Activating Two Trap Cards at Once, or: A Gentle Response to the Popularity of Vibecoding

30 points by Corbin

bakkot

This is a convincing refutation of the claim that vibecoding allows anyone to perform arbitrary tasks with only trivial effort expended. I don't see many people making that claim here, but I guess it's nice to have a refutation to hand in case it does come up.

I don't see this as a refutation of any stronger claim, such as "some people can use LLMs to complete many tasks faster than they personally otherwise would have been able to do without loss of correctness", which is I think where the meat of it is. I skimmed all the tasks to see if any of them would be a fun way to spend an hour or two, didn't feel like it for any of them except the Menagerie one (specifically targeting wasm), but then I had other stuff happening in my life and never actually tried. So... what are we to take from this? That LLM-assisted coding takes enough effort that putting a semi-specified task in front of a few thousand people will not cause any of them to perform arbitrary tasks in exchange for no incentive except to prove that they can? OK.

milkcanworld

Agreed. I'm not sure what this proves except that people aren't eager to spend their (spare, unpaid) time and actual money (token cost) on ill-specified programming Saw traps that reek of the overwhelming bias of the author against the tools being studied (to be clear, I also share a pretty strong similar bias, but it undermines the "study" when all prose and experimental design is dripping with this). At least to me, it is hard to read this as a good faith attempt at testing the abilities of LLMs or lack thereof, even if that was the author's intent.
- Corbin
  
  Quoting myself from previously, on Lobsters:
  
  I purchased high-RAM machines for my homelab about three years ago, wrote several (five?) parsing harnesses for models like Llama, tried out several code-completion, code-insertion, and code-generation styles; wrote and tested three RAG pipelines, independently tried replicating several papers, and have generally been testing any claim that I can find a way to apply to a local LLM.
  
  I cannot give professional advice to people who pay me without knowing how their technology works. I have had to learn how LLMs work. I have tried repeatedly to ask people to read papers and consider the limitations of their tools; since that has not worked, we are now at the moment of Linus' law and Linus' principle.
  
  I expect to be able to knock out these projects over the next few weekends of February and March.

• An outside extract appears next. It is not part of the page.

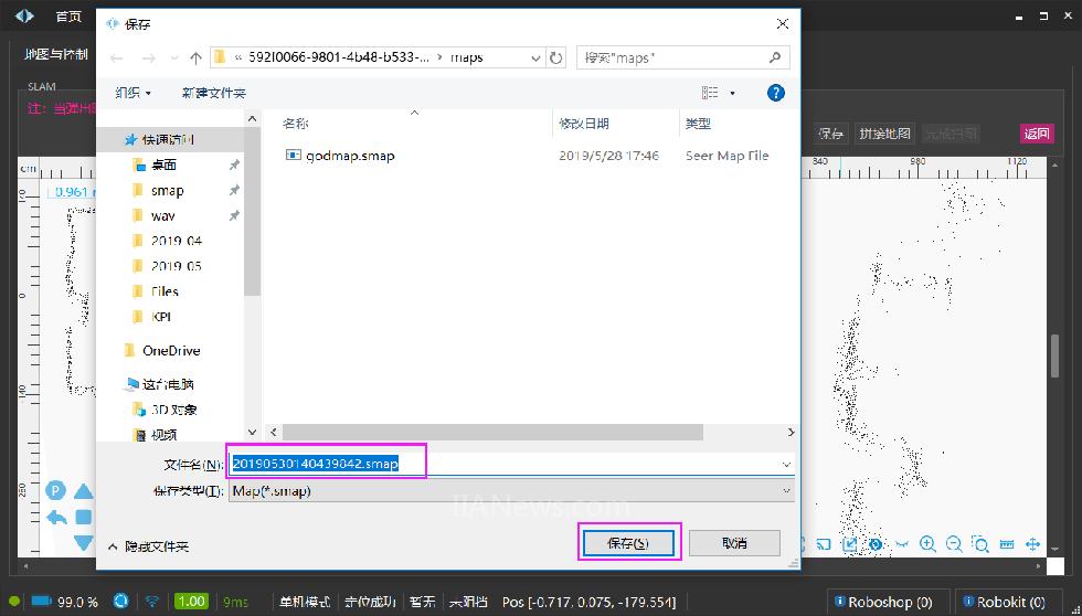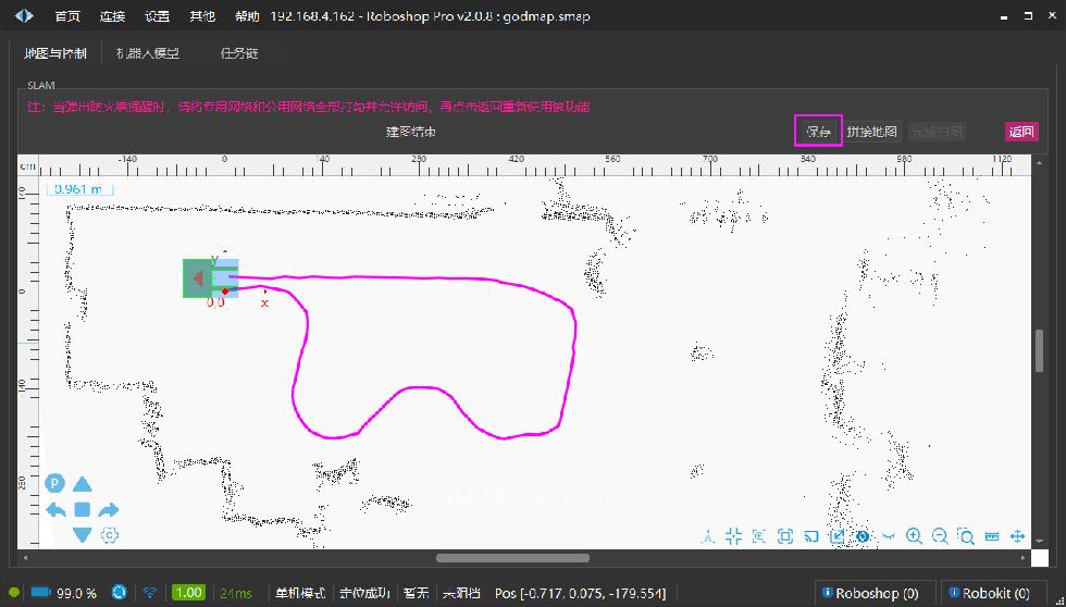 第三步:等待建圖完成,然后點(diǎn)擊右上角的【保存】按鈕。

The second and third tasks require research which I haven't done yet, but I still expect them to only take a few working days in total. None of these are urgent.
  
  There was already a moment of good faith in 2023 which faded as I realized that OpenAI is years behind the state of the art. Now it has come out, currently, on Lobsters, that Anthropic is also years behind the state of the art. Neither company has a stable financial outlook and becoming their customer likely means damaging one's cognition, as I speculated about previously, on Lobsters. My position is now that, if you think that any sort of vibecoding harness can do my todo list better than me, you ought to demonstrate it rather than expect me to waste my money and cognition on a scam.
  - bakkot
    
    I don't think you should draw any strong conclusions (or expect anyone else to do so) from the fact that no one thinks "convince @Corbin that LLMs can write code" is worth spending much of our own time and effort on, especially if already-existing examples haven't convinced you.
    
    The stuff about the financial outlook of big AI labs isn't relevant to the question of how well LLMs can write code today. Even whether they damage your own cognition isn't relevant to that questions. Those are certainly relevant to different interesting questions, like "is it a good idea to make use of these tools", but this has no bearing on how well they can write code today.
- Corbin
  
  This was authored for the blog carnival. I didn't see a big summary post yesterday, so I'm submitting this one on its own.
  - veqq
    
    Unfortunately, there were only 2 other submissions:
    
    https://bgslabs.org/blog/why-are-we-using-markdown/ by @bgs_
    
    Spoken Latin by @fpsvogel
    
    I wasn't sure how to proceed and ended up posting one mentioning the other (as it doesn't fit Lobster's content policy alone).
- quad
  
  There wasn't a stampede of folks asking their agents to complete these tasks.
  
  Sorry, where are the attempts linked?
  - Corbin
    
    In comments here and on GitHub on the original two posts, previously on Lobsters (1, 2).
- alexjurkiewicz
  
  Didn't you submit this weeks ago?
  - hyperpape
    
    You can check his stories from his profile, and find the answer (it appears he did not--he submitted the challenge, but not this writeup).